Initial assessment of plans based on points provides reliable conclusions, but they are inferior because of the package’s variety of services. In other words, the Empire’s satisfactory rating is compiled as an average score, although some indicators are lower than those of the competitors. For example, Aetna Health was rated as a more trustworthy provider in terms of satisfaction with care. MetroPlus and Oxford also have higher scores in their core areas, but the overall count is still lower than the Empire’s. Thus, confidence in choosing the right insurance plan can be calculated at 8/10 due to each family’s unique preferences and needs.
Statistical analysis of insurance plans includes the same criteria as for subjective reviews. Individual and family prices, scores on the four primary measures, and the comparison of the national average parameters were used. The multi-attribute utility (MAU) technique has been employed as a way to validate the original hypothesis numerically. Adult and child health was chosen as the main criteria, as they partially characterize the quality of the individual and family plans. The advantage of MAU is objectivity, in which each parameter is given a particular priority (Hahn et al., 2012). Hence, the attributes can be optimized and ranked in importance for decision-making. This approach allows one to consider the price and quality characteristics, which significantly increases the rationality of further choice. On the other hand, MAU is a more laborious and time-consuming process as it takes efforts to enter parameters, priorities, and attribute values. Consequently, the level of confidence in decision-making increased when using the statistical model.

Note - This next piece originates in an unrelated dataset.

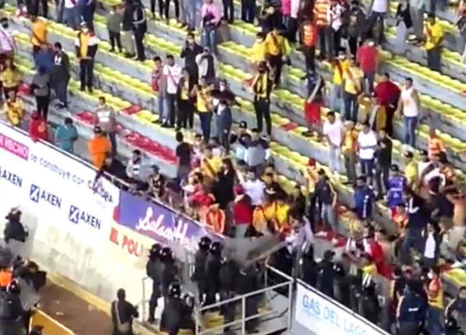 Cabe señalar que algunos aficionados del Morelia intentaron meterse a la cancha y fueron detenidos por los policías que estaban dentro del inmueble, siendo estos los que resguardaban la integridad física de los futbolistas.

Choosing one of the care plans has become much more comfortable as the responsibility has been transferred to the computational process. Using subjective judgment and making a decision based on an online analysis and pricing table is a satisfactory choice, although it is stressful for the researcher. On the other hand, the use of MAU is more arduous, but it is a semi-autonomous system and only requires the input of primary information (El Sawalhi & El Agha, 2017). Besides, the model is essential for justifying the decision, since grouped research results and statistically correct calculations are evidence-based practice for choosing between the four attributes. Insurance plans are examined based on two formal variables, namely, quality and price. Each of them can be divided into several sections, in which a particular point or price tag is an attribute. An independent conclusion without statistical techniques is irrational, although it can be based on quantitative data. MAU will allow each parameter to be taken into account and prioritized based on the objectives of the analysis. Thus, the use of the model gives 10/10 points of confidence and comfort of choice.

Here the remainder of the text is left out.